*** Available data Section Begins ***

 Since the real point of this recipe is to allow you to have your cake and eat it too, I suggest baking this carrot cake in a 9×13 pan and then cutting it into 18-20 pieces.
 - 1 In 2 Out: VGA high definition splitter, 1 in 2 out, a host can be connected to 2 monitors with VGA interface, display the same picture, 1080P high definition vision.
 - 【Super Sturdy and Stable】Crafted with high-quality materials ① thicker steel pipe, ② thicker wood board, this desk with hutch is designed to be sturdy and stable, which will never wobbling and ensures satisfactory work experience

*** Available data Section Ends ***
*** Available data Section Begins ***

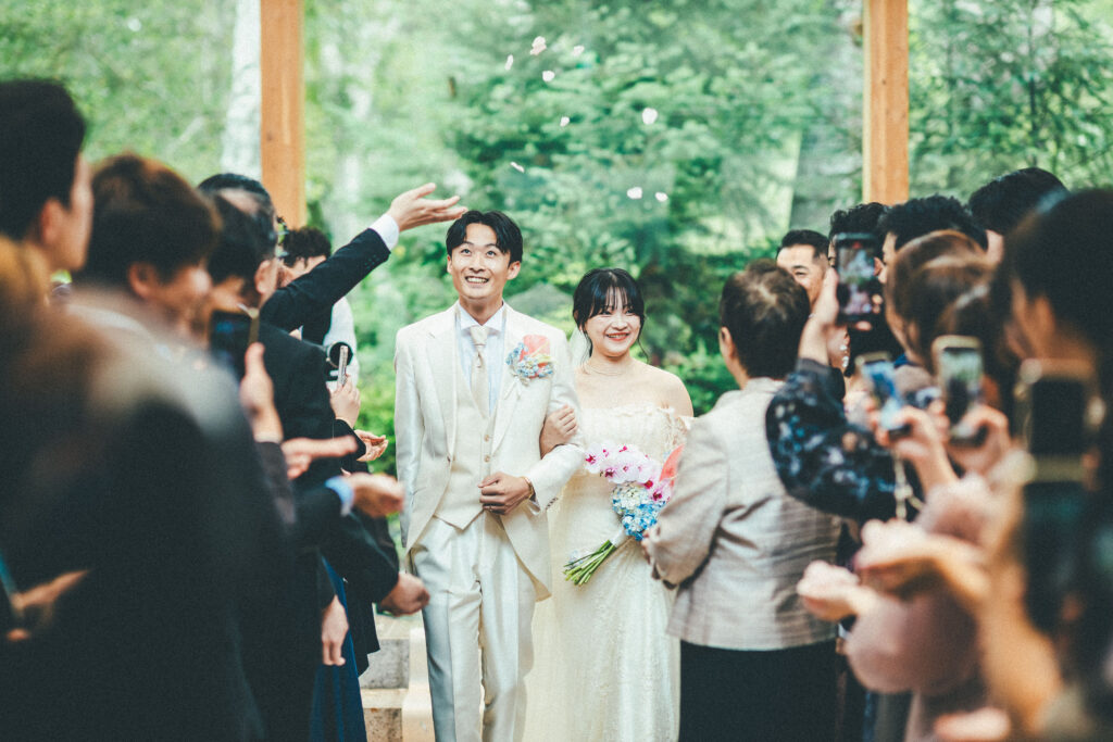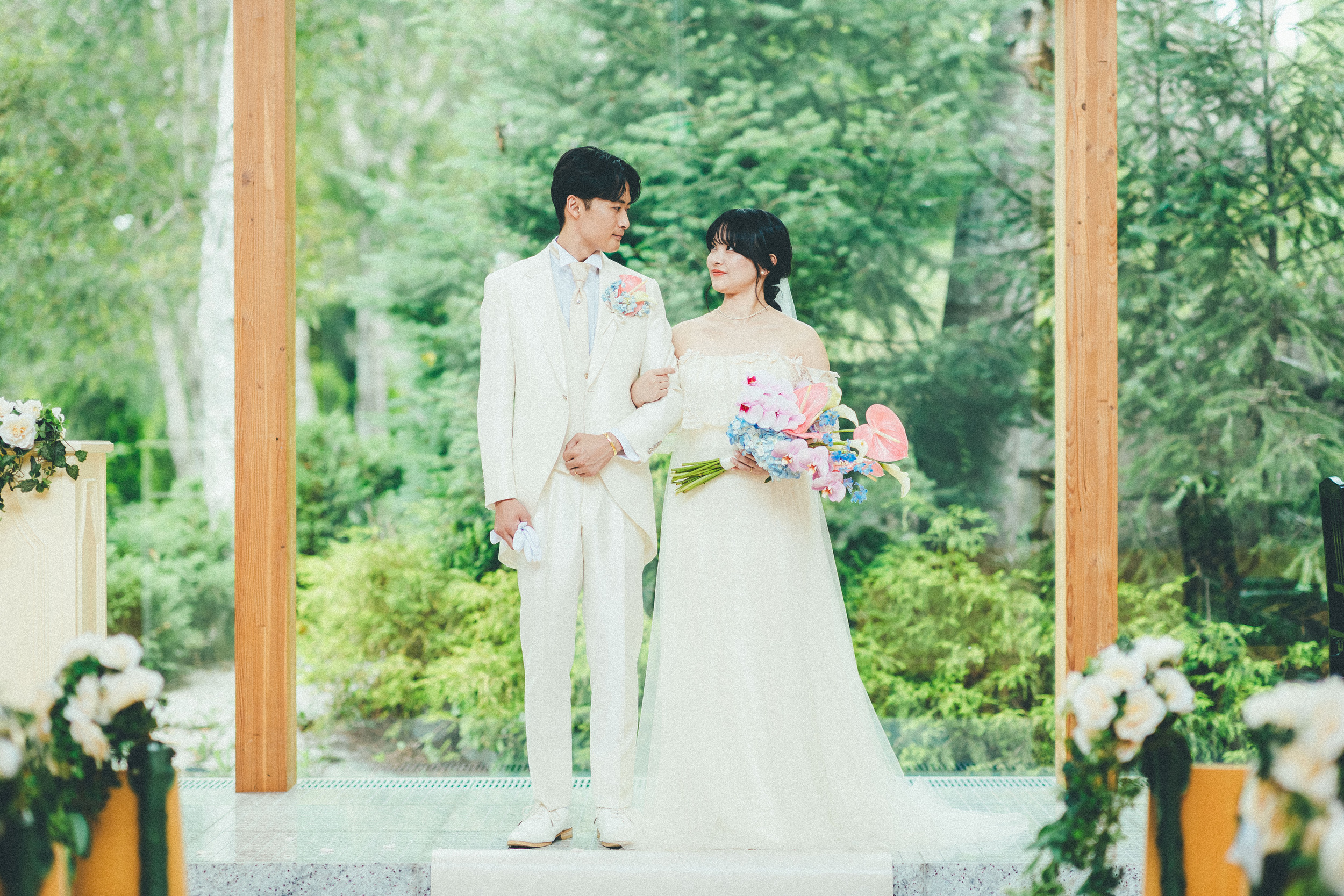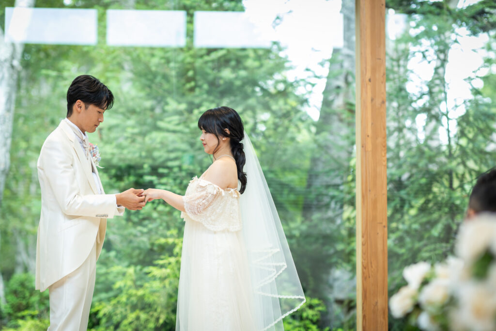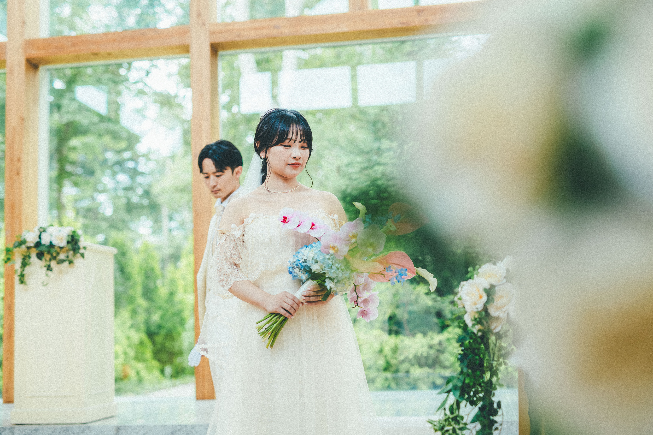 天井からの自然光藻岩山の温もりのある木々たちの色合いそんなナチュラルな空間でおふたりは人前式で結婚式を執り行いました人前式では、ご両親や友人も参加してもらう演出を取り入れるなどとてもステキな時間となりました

*** Available data Section Ends ***
*** Available data Section Begins ***

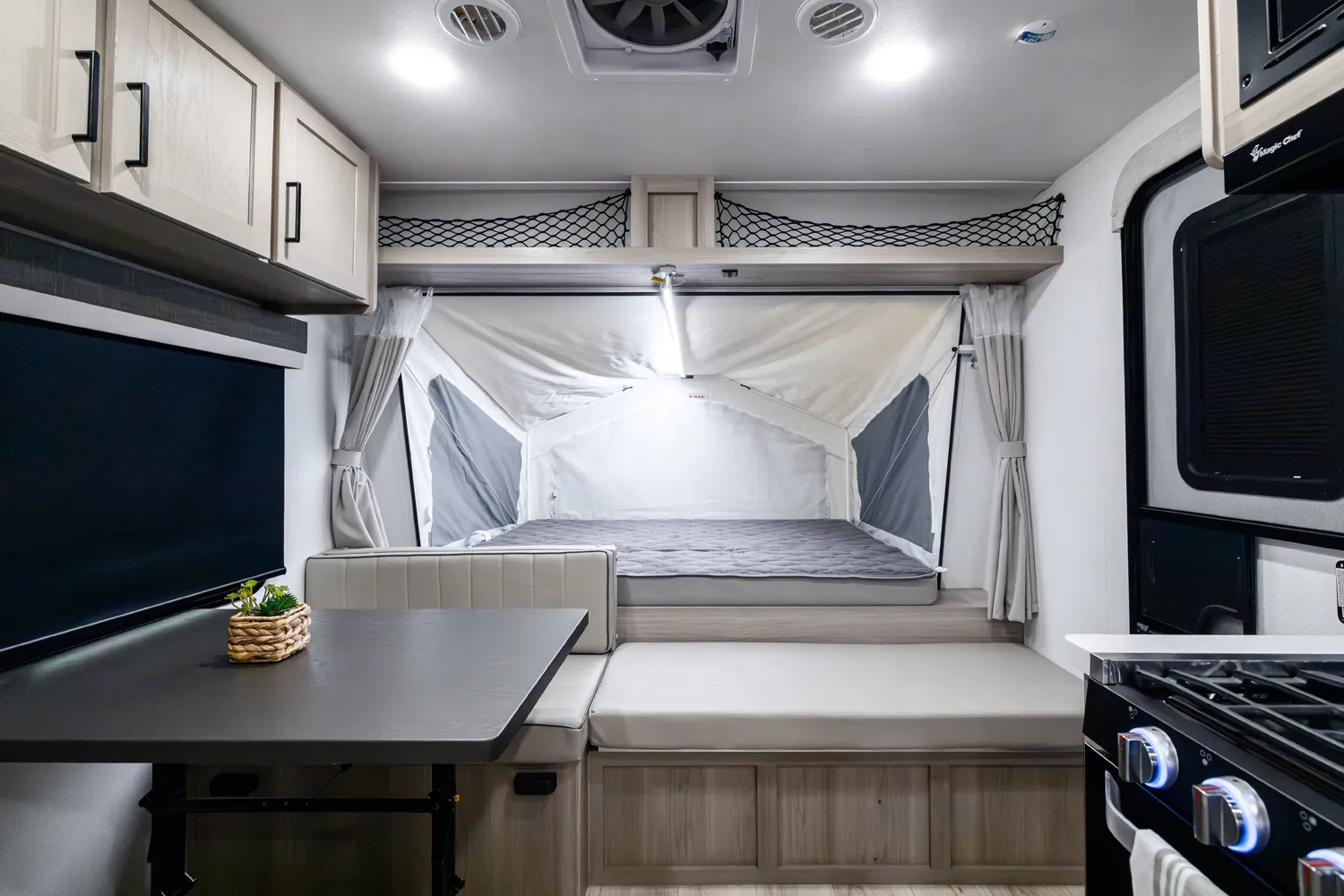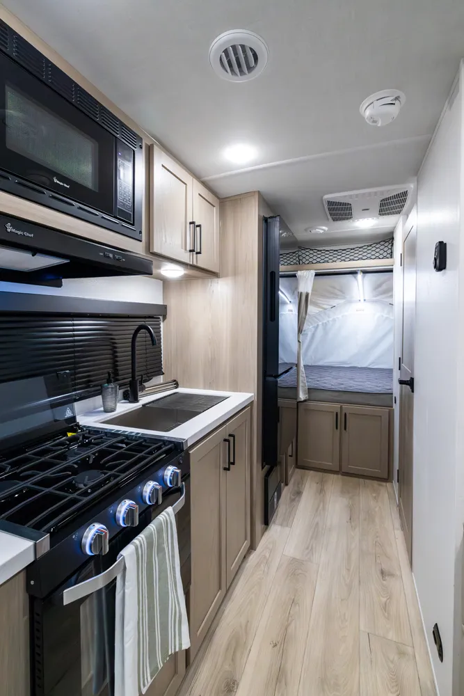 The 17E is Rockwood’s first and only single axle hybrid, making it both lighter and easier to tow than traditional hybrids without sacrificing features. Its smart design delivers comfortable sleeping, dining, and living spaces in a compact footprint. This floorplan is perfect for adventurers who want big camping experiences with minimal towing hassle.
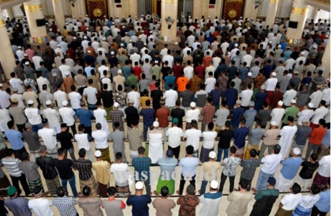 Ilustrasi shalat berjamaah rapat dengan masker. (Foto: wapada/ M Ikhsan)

*** Available data Section Ends ***

# Exercise instructions
What you give back should be exactly the lines of the data above from the line with "Since the real" through the line with "- 【Super Sturdy", both of those included, and nothing more.

# Exercise solution
 Since the real point of this recipe is to allow you to have your cake and eat it too, I suggest baking this carrot cake in a 9×13 pan and then cutting it into 18-20 pieces.
 - 1 In 2 Out: VGA high definition splitter, 1 in 2 out, a host can be connected to 2 monitors with VGA interface, display the same picture, 1080P high definition vision.
 - 【Super Sturdy and Stable】Crafted with high-quality materials ① thicker steel pipe, ② thicker wood board, this desk with hutch is designed to be sturdy and stable, which will never wobbling and ensures satisfactory work experience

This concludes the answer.